Nonblocking concurrent data structures are an increasingly valuable tool for shared-memory parallel programming. By ensuring that no reachable state precludes forward progress by any given thread, nonblocking structures avoid performance anomalies in the presence of preemption, and can in principle tolerate thread failures. They can also outperform lock-based alternatives in several important cases, and are competitive in others. They are, however, quite difficult to write — due, among other things, to inherent data races, interactions with the language and hardware memory model, and the need for concurrent memory management.
This course will briefly survey background material on hardware primitives and memory models, together with formal notions of safety, liveness, and proof techniques. It will then explore nonblocking versions of important data structures, including stacks, queues, linked lists, hash tables, skip lists, and search trees. In the process, it will introduce appropriate memory management techniques. To the extent that time permits, it will also point to work on several more advanced topics, including condition synchronization (partial methods), combining and flat combining, universal constructions, nonblocking software transactional memory, and RCU.
University of Rochester
In the first part of this tutorial we will provide a new general framework that can be used to explain many consensus protocol variants. We start with a simple primary backup replication scheme and via a series of steps extend it in several dimensions:
from crash failures, to omission failures, to Byzantine failures.
from single-shot to multi-shot.
from synchrony, to partial synchrony, to asynchrony.
In the second part of this tutorial we will touch upon the deep connections between Byzantine fault-tolerance and blockchains.
Modern servers have dozens or even hundreds of cores, which can execute many threads of computation in parallel. In such a system, the difference between the performance of a bad implementation and a good one can easily be 100x.
This lecture uses concurrent data structures as examples to explain high performance implementation techniques and surprising performance pitfalls. Along the way, we will cover linearizability, which is a way to define what correctness means for a concurrent data structure.

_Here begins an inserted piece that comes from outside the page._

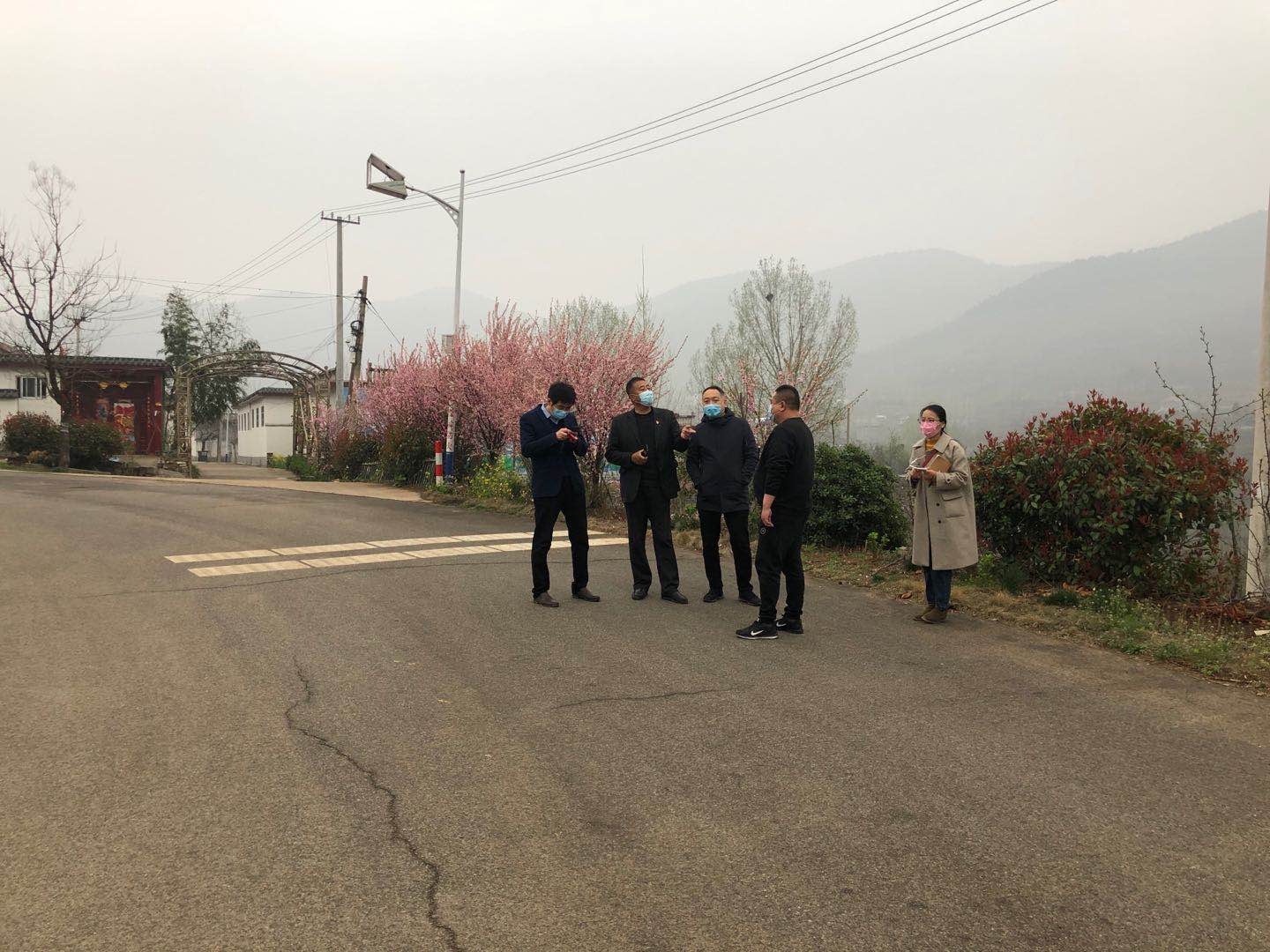 圖為:山亭區(qū)北莊鎮(zhèn)人民政府領導與棗莊市水利開發(fā)有限公司副總經理連永、棗莊市水利勘測設計院周明主任踏勘傳統(tǒng)村落項目現(xiàn)場

Students should finish with knowledge of some simple linearizable concurrent data structures, and an understanding of how these data structures interact with various aspects of real systems, with a special focus on processor caches.
University of Waterloo
Modern distributed data management systems face a new challenge: how to allow autonomous, mutually-distrusting parties to co-operate safely and effectively. This challenge presents many questions familiar from classical distributed systems: how to combine multiple steps into a single atomic action, how to recover from failures, how to synchronize concurrent access to data, and what it means for that action to be correct. These lectures describe how blockchain-based ledgers require rethinking the foundations of classical distributed computing.